Al-Azhar, seeking to broaden its influence after years of control by the regime of ousted Egyptian president Hosni Mubarak, has drawn up an 11-point document as a proposed basis for the new constitution.
The document, drafted by intellectuals and public figures, illustrates Al-Azhar's vision of Egypt's political future following the overthrow of Mubarak in a popular uprising in February.
It proposes that the Arab World's most populous country be "a civil state governed by law and the constitution". The document also calls for respect of freedom of opinion, faith and human rights to be guaranteed.
In a statement, the head of Al-Azhar, Sheikh Ahmed El-Tayeb, proposed that the draft become a "code of honor that everyone would commit to voluntarily".
But political analyst Nabil Abdel Fattah, of the Al-Ahram Centre for Political and Strategic Studies, said the meeting did not end the dispute between Islamists and liberals over the constitution.
"The Islamists and the Muslim Brotherhood have not agreed to have 'constitutional principles' before the elections because they believe that the coming vote will produce a parliament controlled by them, hence they would be able to impose their religious views," Abdel Fattah said.

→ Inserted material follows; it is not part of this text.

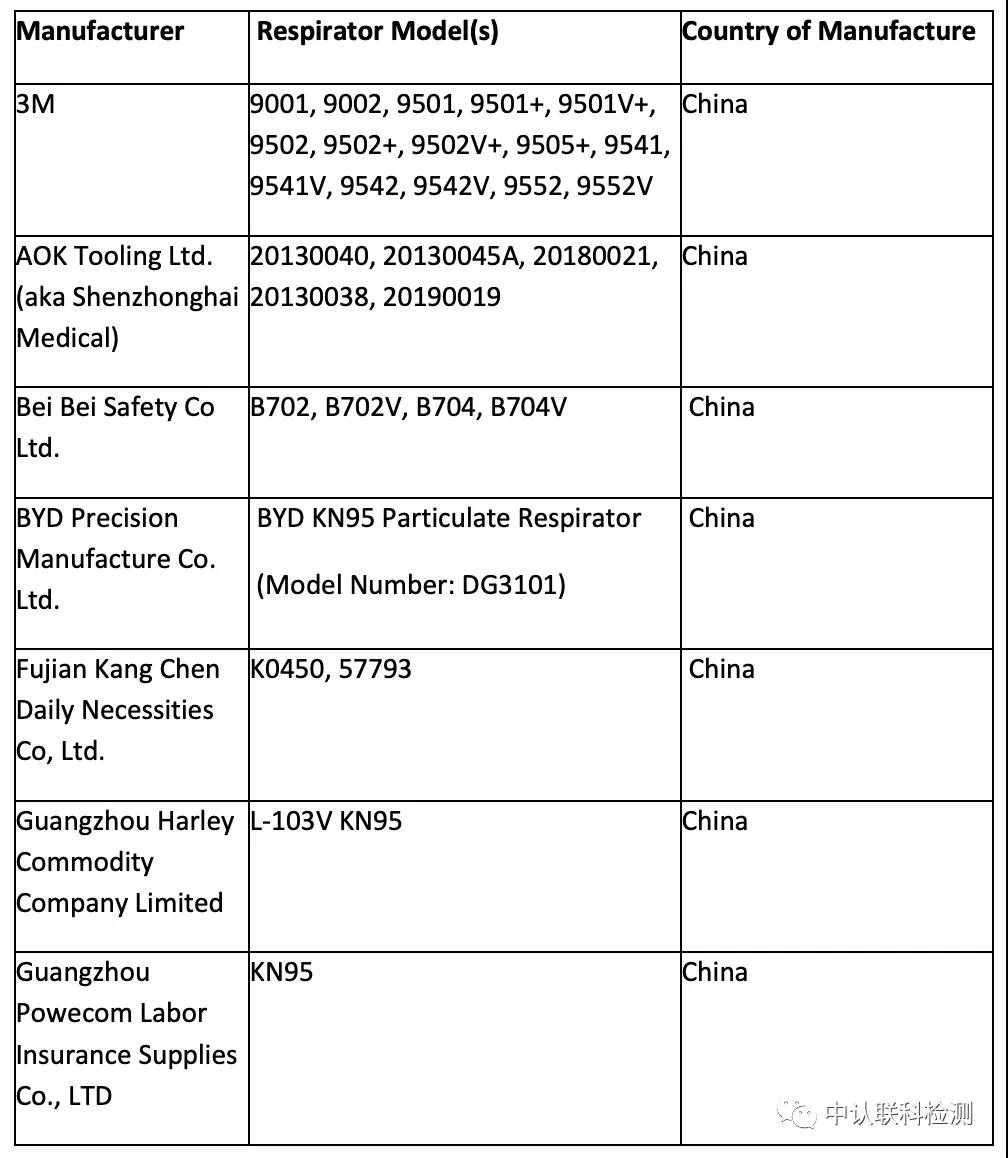 5月7日FDA再次修改了其在4月3日發(fā)布的中國KN95(FFR)口罩認可規(guī)則。并對之前發(fā)布在白名單(Appendix A)中的產(chǎn)品進行了更新,由原本的74家白名單突然只剩下14家了!原因無外乎是根據(jù)最近一次CDC(NIOSH)的抽驗結(jié)果,有不少來自中國的KN95口罩的過濾效率出了問題。下面我們一起來看一下那些廠家經(jīng)住了FDA+CDC的雙重考驗,仍能留在磅單之上。

Egypt's well-organized Muslim Brotherhood, seen as the best prepared for the November vote, has said it plans to contest 50 percent of parliament's 504 seats. The group, which won 20 percent of the seats in the 2005 election, said it wants a constitution that respects Muslims and non-Muslims alike.

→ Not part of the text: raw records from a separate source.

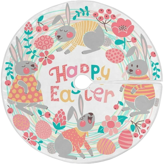 Hero image 0 of FMSHPON Happy Easter CardCute Bunnies Xmas Christmas Tree Skirt Stand Mat for Holiday Party Decoration Indoor Outdoor 48 inches, 0 of 6
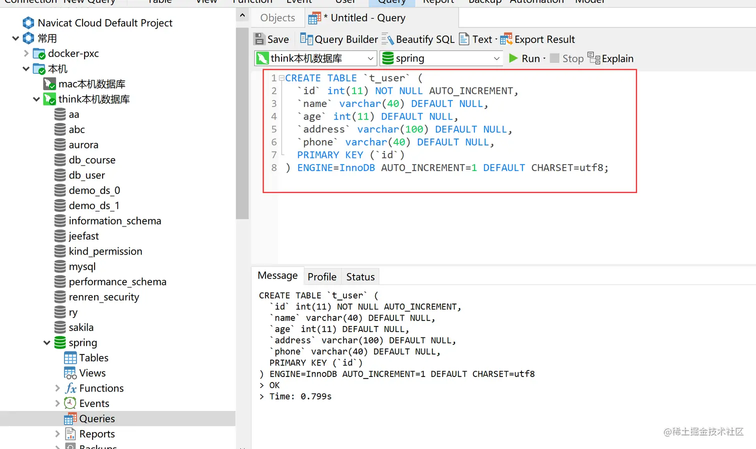 3.创建表t_user
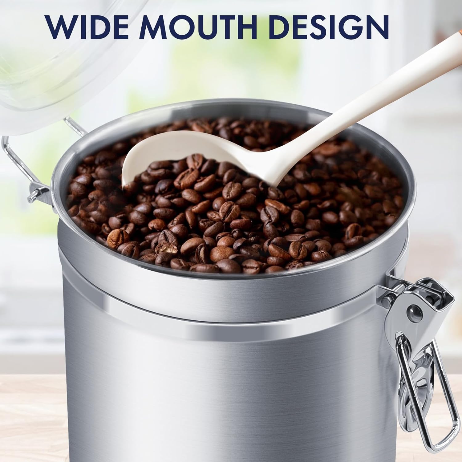 - Easy to Use and Clean --- ENLOY stainless steel kitchen canisters are made with a wide 4.7" opening which makes it easy to use full size 1 cup measuring scoops. The canisters are dishwasher-safe, however we recommend hand-washing to protect the finish. One Piece Design will not hide dirty. A quick wipe with a damp cloth is sufficient for a light cleaning.

"There is nothing new today. The brotherhood still disagrees with any 'constitutional principles' before elections," Mohamed Saed Elkatatny, secretary-general of the Brotherhood's Freedom and Justice Party told Reuters.
The meeting was attended by presidential candidates Amr Mousa, former head of the Arab League, and Mohamed El Baradei, former head of the International Atomic Energy Agency (IAEA), along with the heads of the Muslim Brotherhood and the liberal Wafd and Democratic Front parties, among others.

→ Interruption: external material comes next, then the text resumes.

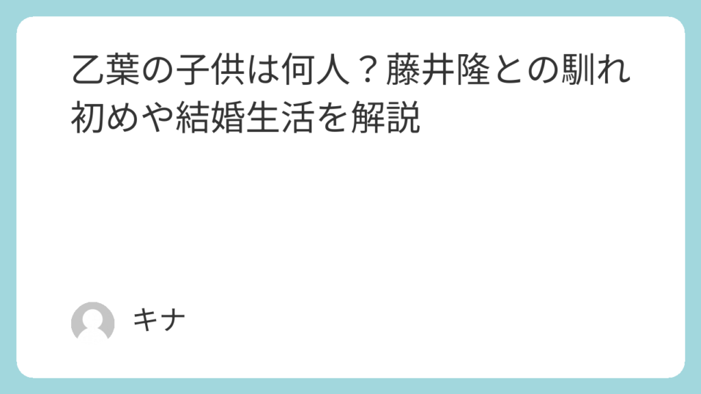 結論からお伝えすると、乙葉さんの子供は1人です。

For centuries, Al-Azhar, long seen as the home of moderate Islam, had played an important role in galvanizing Egyptians to protest against foreign occupiers. But the institution lost its influence after it came under state authority by orders of former President Gamal Abdel Nasser in the 1960s.
Outside its headquarters in Cairo, dozens of Muslim clerics protested against the Al-Azhar document.
"The document asks that Egypt become a secular state, while it should be a religious state," said Sheikh El-Hadi Ahmed El-Hadi, one of the protesters. "We refuse it."